▸ **EXERCISE DIRECTIONS**: Write out again the lines from the line with "Kitchen Island Cart" up to and including the line with "Nouveautés : Cardigan", exactly as they stand below, and skip any picture.

▸ **SOURCE MATERIAL**:
'''

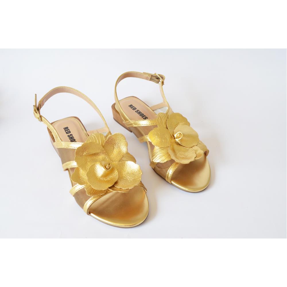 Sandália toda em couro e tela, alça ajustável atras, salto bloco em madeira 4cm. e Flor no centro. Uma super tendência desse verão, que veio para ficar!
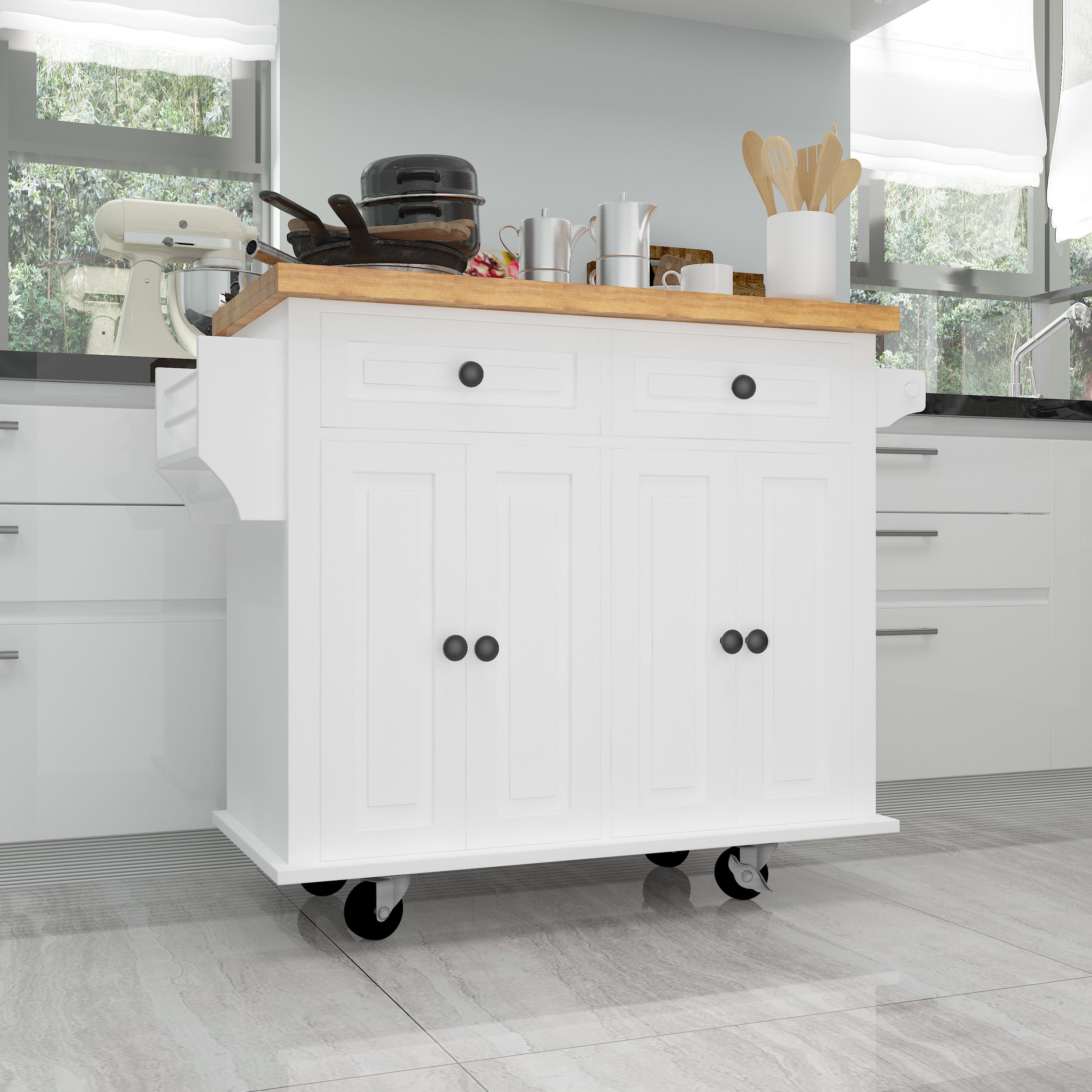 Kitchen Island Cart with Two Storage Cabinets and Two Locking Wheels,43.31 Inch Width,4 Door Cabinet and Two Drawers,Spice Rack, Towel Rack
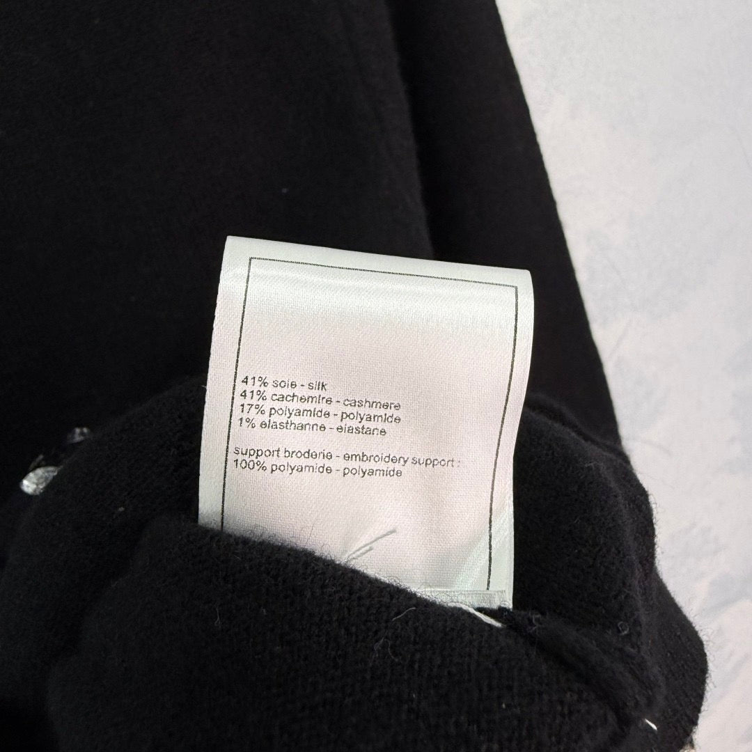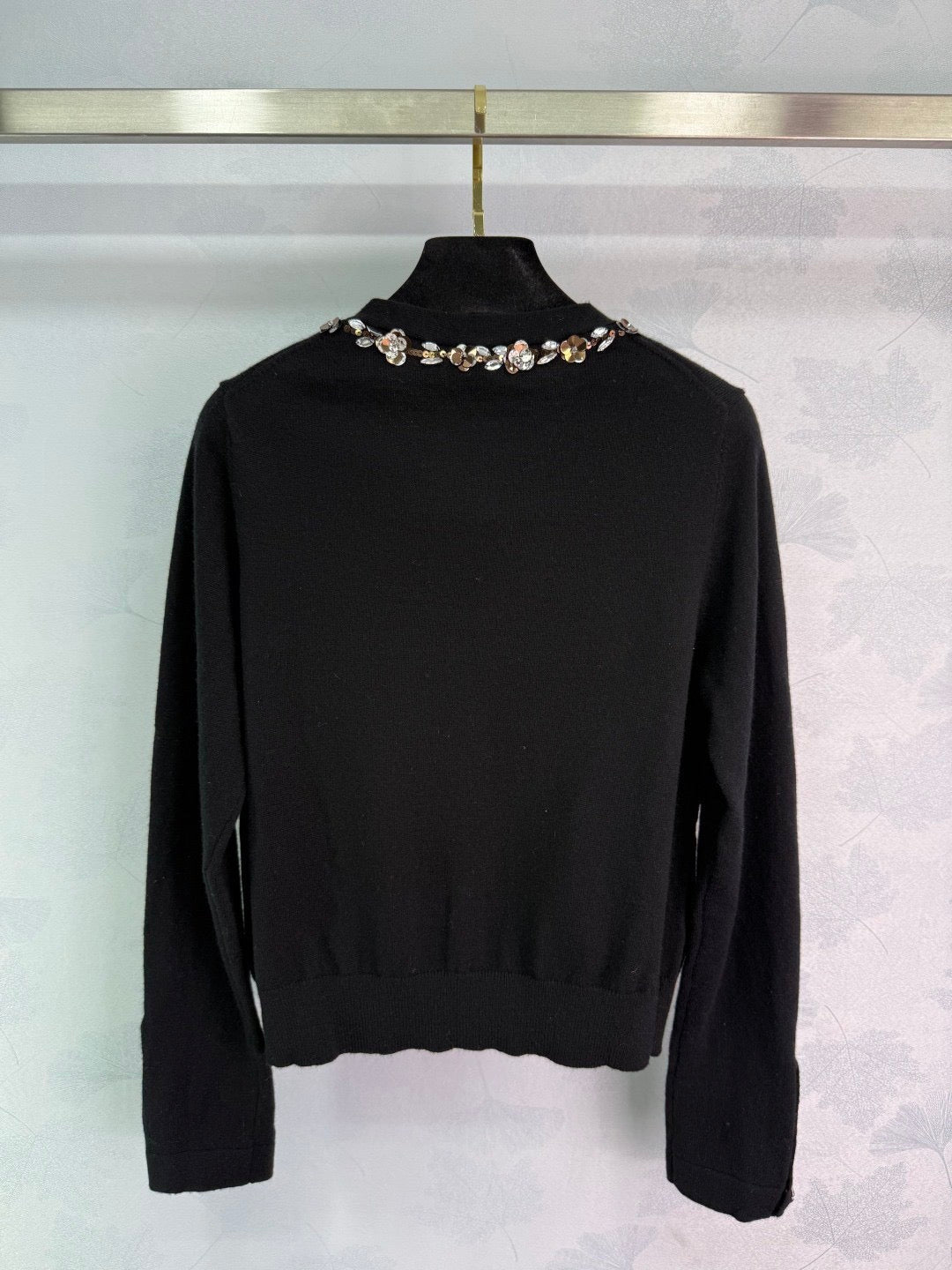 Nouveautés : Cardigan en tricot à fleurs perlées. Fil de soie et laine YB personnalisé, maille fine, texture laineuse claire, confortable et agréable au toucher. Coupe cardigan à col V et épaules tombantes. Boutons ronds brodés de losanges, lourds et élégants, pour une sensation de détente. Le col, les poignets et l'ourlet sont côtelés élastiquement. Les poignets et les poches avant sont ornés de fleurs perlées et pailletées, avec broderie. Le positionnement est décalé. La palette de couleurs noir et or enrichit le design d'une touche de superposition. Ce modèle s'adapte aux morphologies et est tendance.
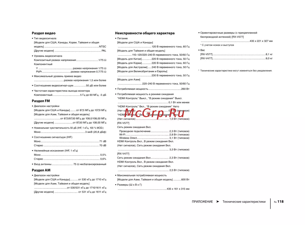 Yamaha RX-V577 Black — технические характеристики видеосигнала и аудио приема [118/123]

'''

▸ **RESPONSE AREA**:
 Kitchen Island Cart with Two Storage Cabinets and Two Locking Wheels,43.31 Inch Width,4 Door Cabinet and Two Drawers,Spice Rack, Towel Rack
 Nouveautés : Cardigan en tricot à fleurs perlées. Fil de soie et laine YB personnalisé, maille fine, texture laineuse claire, confortable et agréable au toucher. Coupe cardigan à col V et épaules tombantes. Boutons ronds brodés de losanges, lourds et élégants, pour une sensation de détente. Le col, les poignets et l'ourlet sont côtelés élastiquement. Les poignets et les poches avant sont ornés de fleurs perlées et pailletées, avec broderie. Le positionnement est décalé. La palette de couleurs noir et or enrichit le design d'une touche de superposition. Ce modèle s'adapte aux morphologies et est tendance.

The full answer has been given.